## [WHAT YOU SHOULD DO]
Among the entries below, find the line with "Three-Layer Fruit Plate" and the line with "货币单位为加元 ) 。". Return exactly those lines and every line between them, but no pictures.

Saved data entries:
◆ ◆ ◆

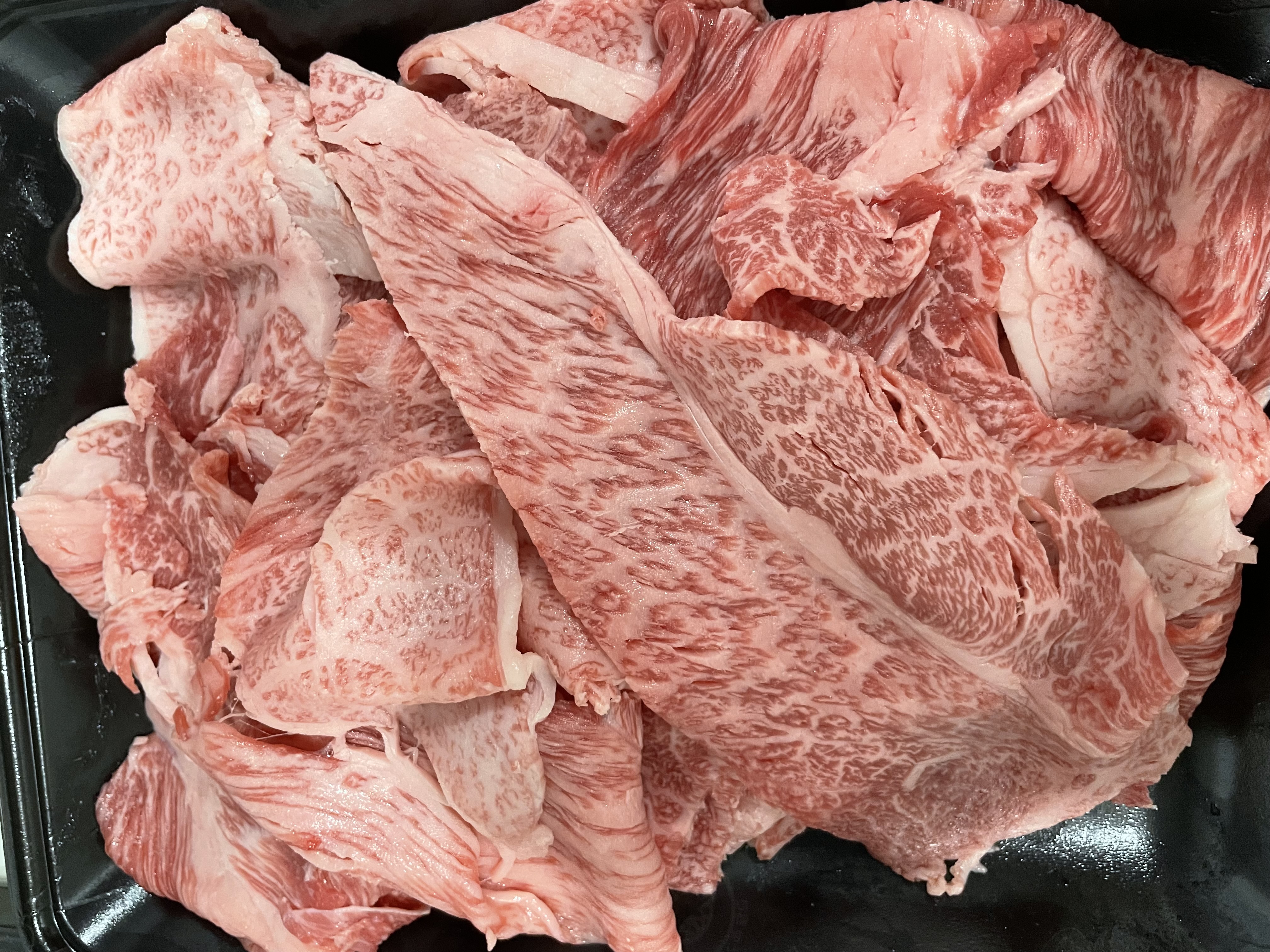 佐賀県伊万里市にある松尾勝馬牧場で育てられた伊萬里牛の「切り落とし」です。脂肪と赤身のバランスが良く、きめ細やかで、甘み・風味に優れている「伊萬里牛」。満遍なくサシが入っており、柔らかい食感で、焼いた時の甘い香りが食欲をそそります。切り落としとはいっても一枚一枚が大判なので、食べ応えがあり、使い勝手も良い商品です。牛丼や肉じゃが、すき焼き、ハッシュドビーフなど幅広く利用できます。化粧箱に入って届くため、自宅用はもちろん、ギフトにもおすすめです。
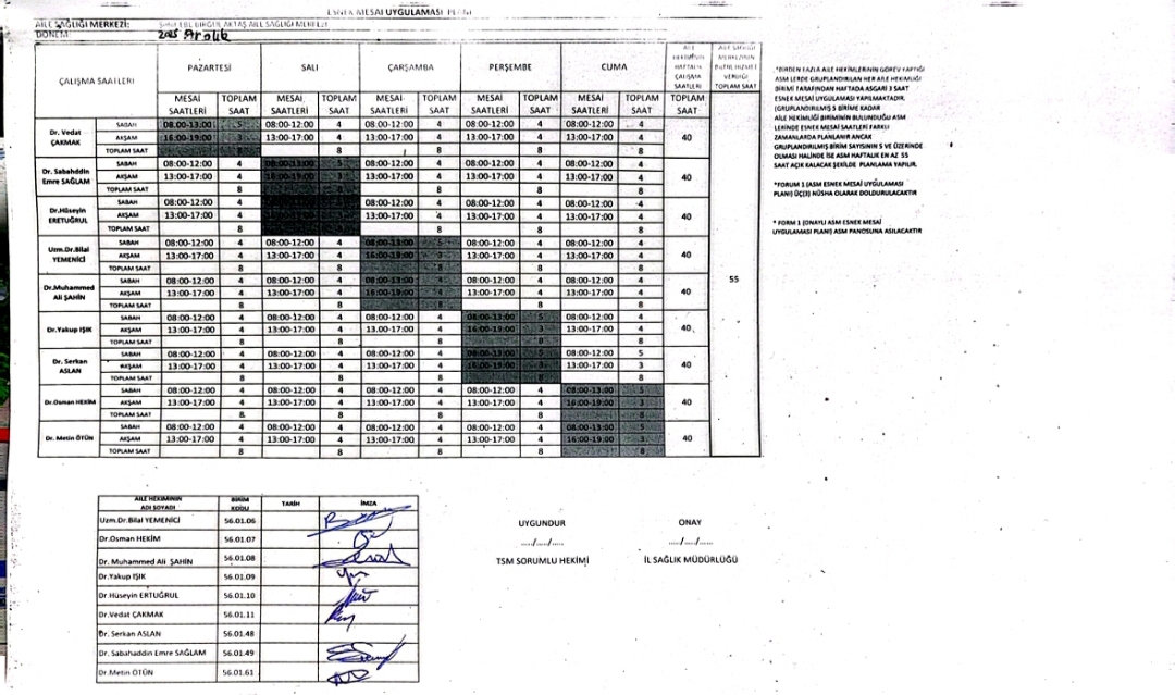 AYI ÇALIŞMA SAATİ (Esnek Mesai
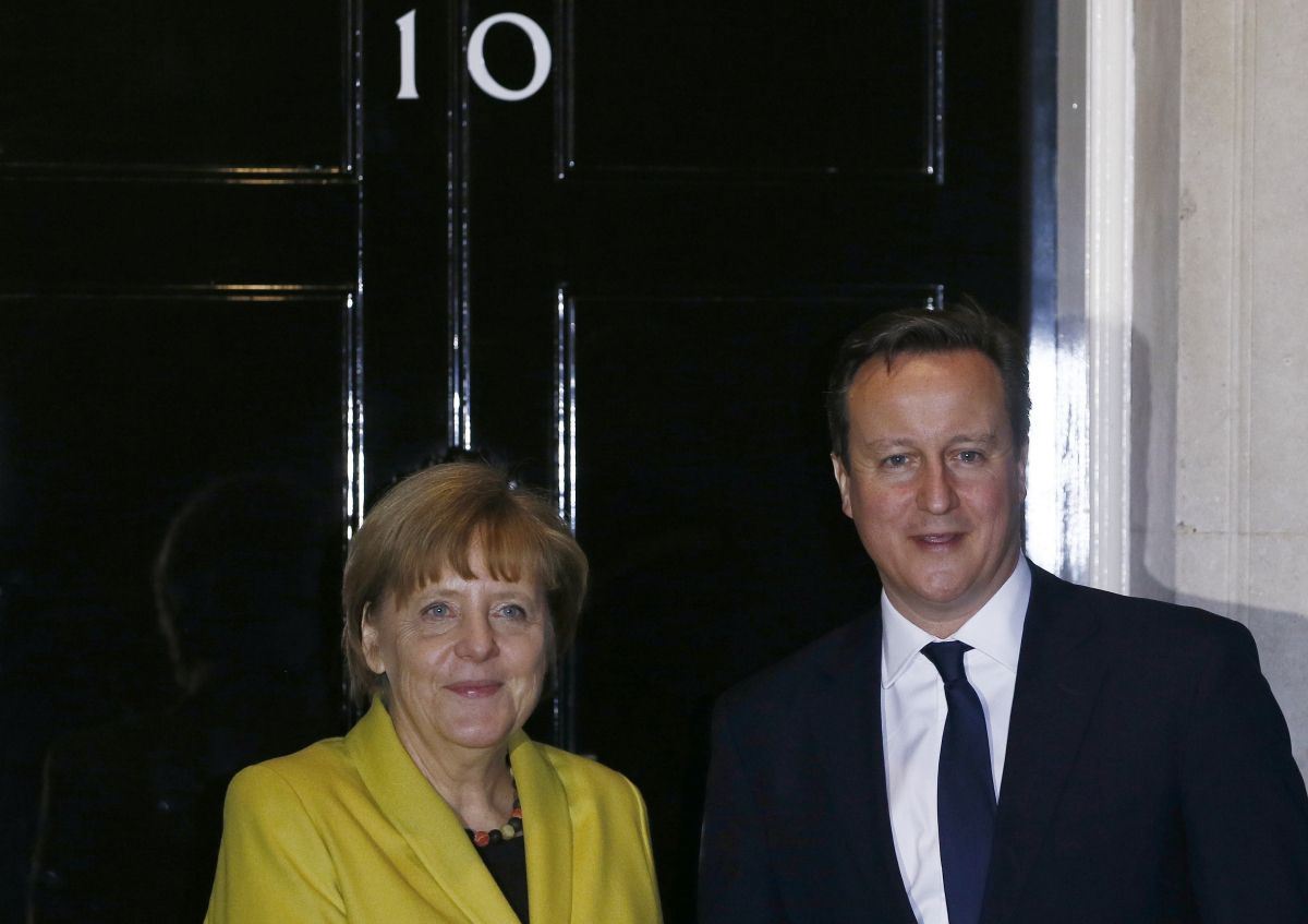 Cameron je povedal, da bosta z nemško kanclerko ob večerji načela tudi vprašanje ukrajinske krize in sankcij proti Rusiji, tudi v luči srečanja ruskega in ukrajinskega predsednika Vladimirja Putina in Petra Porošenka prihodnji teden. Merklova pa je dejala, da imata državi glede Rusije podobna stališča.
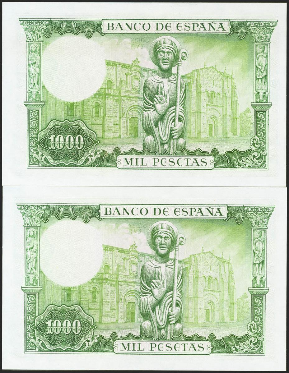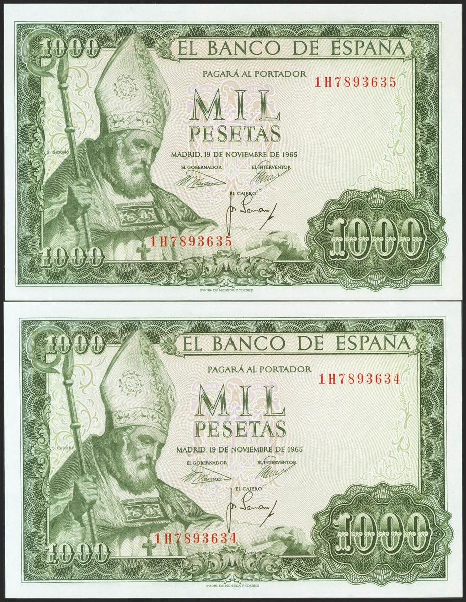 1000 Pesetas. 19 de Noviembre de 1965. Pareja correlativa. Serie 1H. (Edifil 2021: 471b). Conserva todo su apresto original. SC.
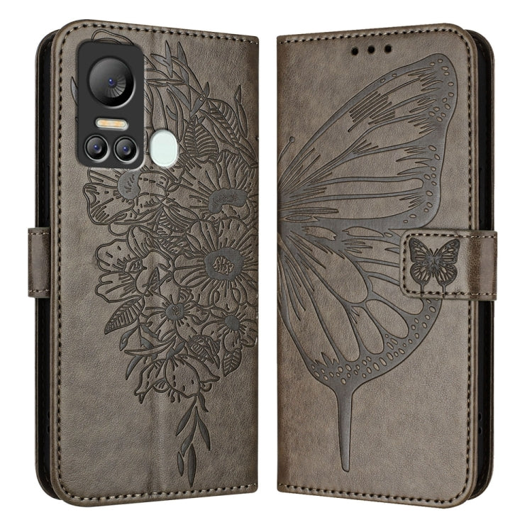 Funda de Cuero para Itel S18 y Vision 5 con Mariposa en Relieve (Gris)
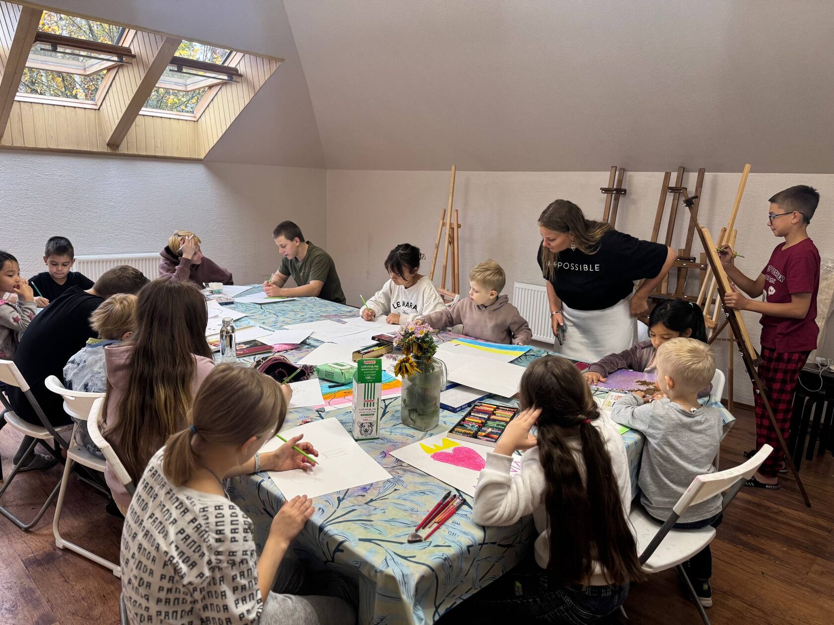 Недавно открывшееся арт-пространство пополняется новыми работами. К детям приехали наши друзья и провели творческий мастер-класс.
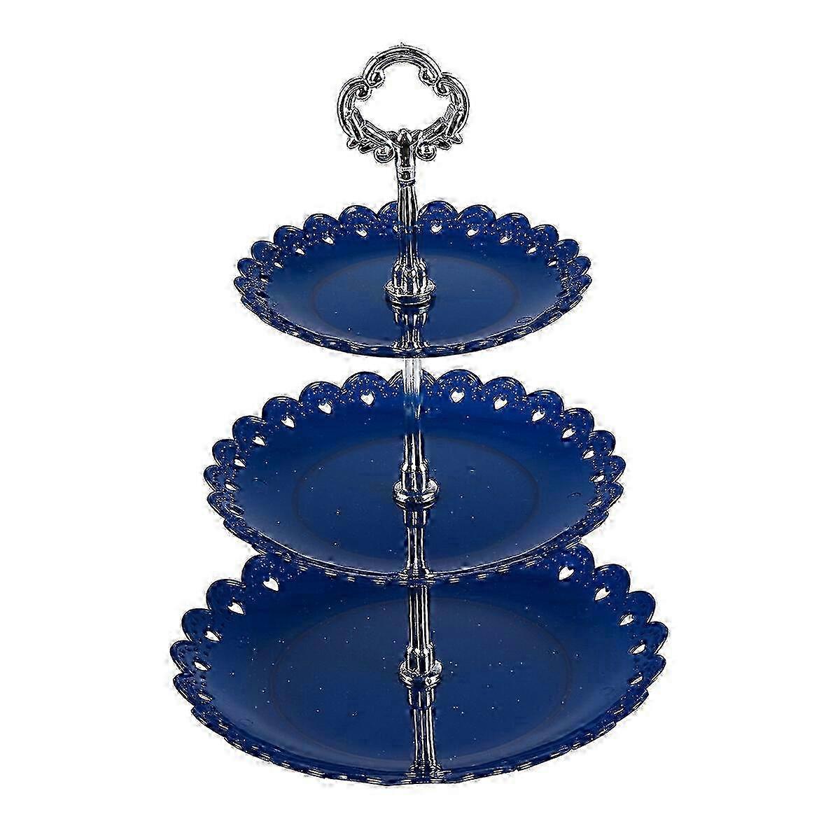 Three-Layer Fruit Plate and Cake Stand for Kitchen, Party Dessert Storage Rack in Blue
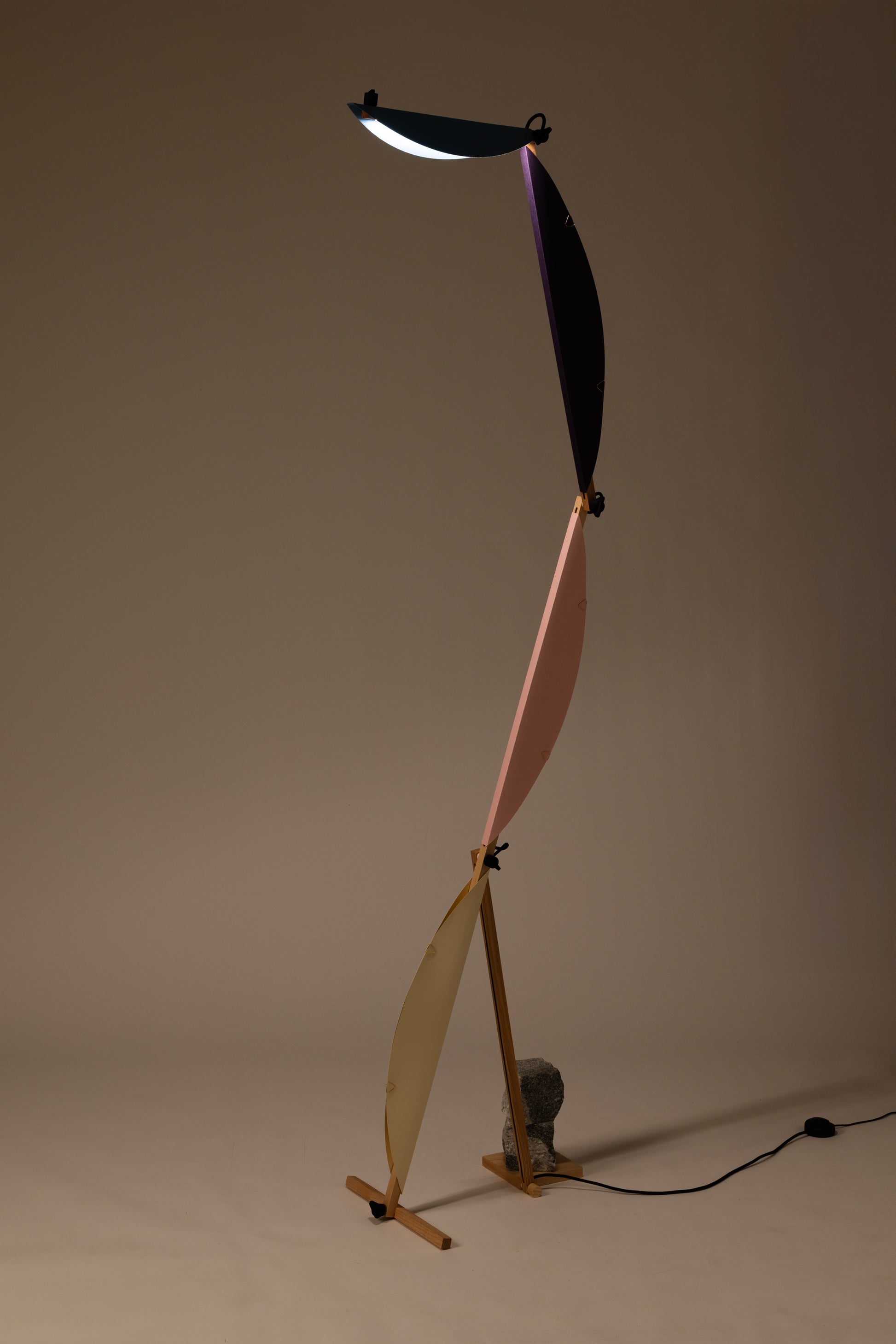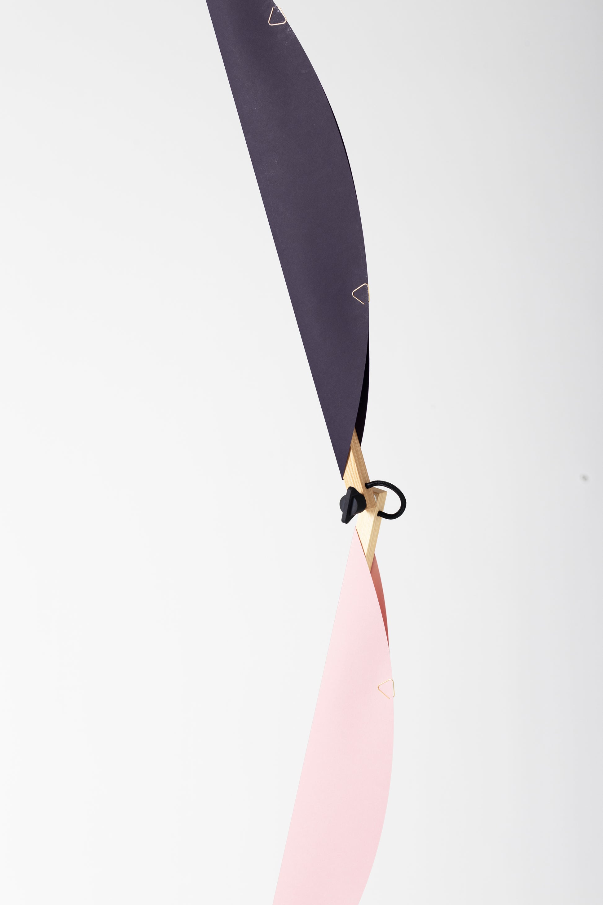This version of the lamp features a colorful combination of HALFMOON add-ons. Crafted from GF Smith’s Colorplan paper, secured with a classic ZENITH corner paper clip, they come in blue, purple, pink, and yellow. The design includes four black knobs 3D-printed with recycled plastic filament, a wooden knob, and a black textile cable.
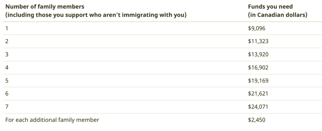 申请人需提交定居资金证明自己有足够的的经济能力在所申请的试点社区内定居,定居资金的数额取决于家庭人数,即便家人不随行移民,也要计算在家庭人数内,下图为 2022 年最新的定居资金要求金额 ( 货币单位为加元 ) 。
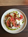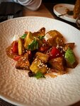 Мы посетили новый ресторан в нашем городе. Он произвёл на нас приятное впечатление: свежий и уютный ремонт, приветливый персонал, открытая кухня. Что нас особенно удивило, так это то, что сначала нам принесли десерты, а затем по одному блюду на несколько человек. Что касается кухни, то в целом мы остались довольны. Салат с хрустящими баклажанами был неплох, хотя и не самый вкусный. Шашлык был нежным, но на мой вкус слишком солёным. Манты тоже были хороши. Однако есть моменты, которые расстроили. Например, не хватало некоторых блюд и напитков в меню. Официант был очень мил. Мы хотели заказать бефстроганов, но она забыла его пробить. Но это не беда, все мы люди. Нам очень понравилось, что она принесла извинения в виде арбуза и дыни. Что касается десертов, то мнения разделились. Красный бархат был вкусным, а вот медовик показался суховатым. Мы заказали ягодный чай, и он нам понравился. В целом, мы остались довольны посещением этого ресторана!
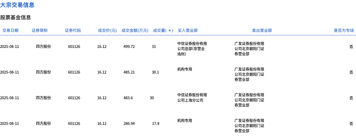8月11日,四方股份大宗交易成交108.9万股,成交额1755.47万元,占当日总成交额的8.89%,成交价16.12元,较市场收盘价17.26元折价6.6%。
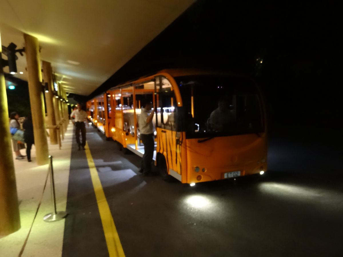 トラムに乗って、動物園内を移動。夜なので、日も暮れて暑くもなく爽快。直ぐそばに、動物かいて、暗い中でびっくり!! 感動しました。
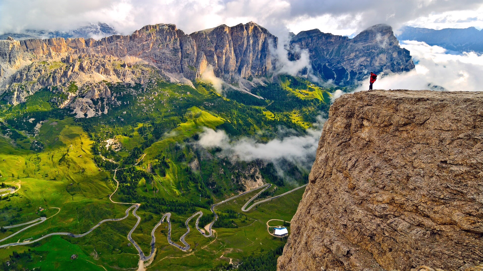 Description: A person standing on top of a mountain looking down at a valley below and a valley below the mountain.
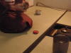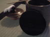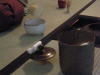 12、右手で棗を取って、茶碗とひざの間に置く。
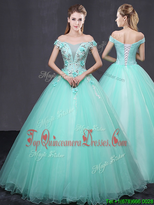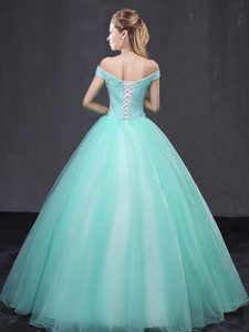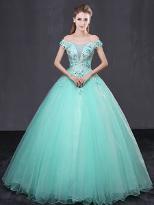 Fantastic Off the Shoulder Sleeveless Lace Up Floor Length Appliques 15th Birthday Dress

◆ ◆ ◆

## [SOLUTION TO THIS EXERCISE]
 Three-Layer Fruit Plate and Cake Stand for Kitchen, Party Dessert Storage Rack in Blue
This version of the lamp features a colorful combination of HALFMOON add-ons. Crafted from GF Smith’s Colorplan paper, secured with a classic ZENITH corner paper clip, they come in blue, purple, pink, and yellow. The design includes four black knobs 3D-printed with recycled plastic filament, a wooden knob, and a black textile cable.
 申请人需提交定居资金证明自己有足够的的经济能力在所申请的试点社区内定居,定居资金的数额取决于家庭人数,即便家人不随行移民,也要计算在家庭人数内,下图为 2022 年最新的定居资金要求金额 ( 货币单位为加元 ) 。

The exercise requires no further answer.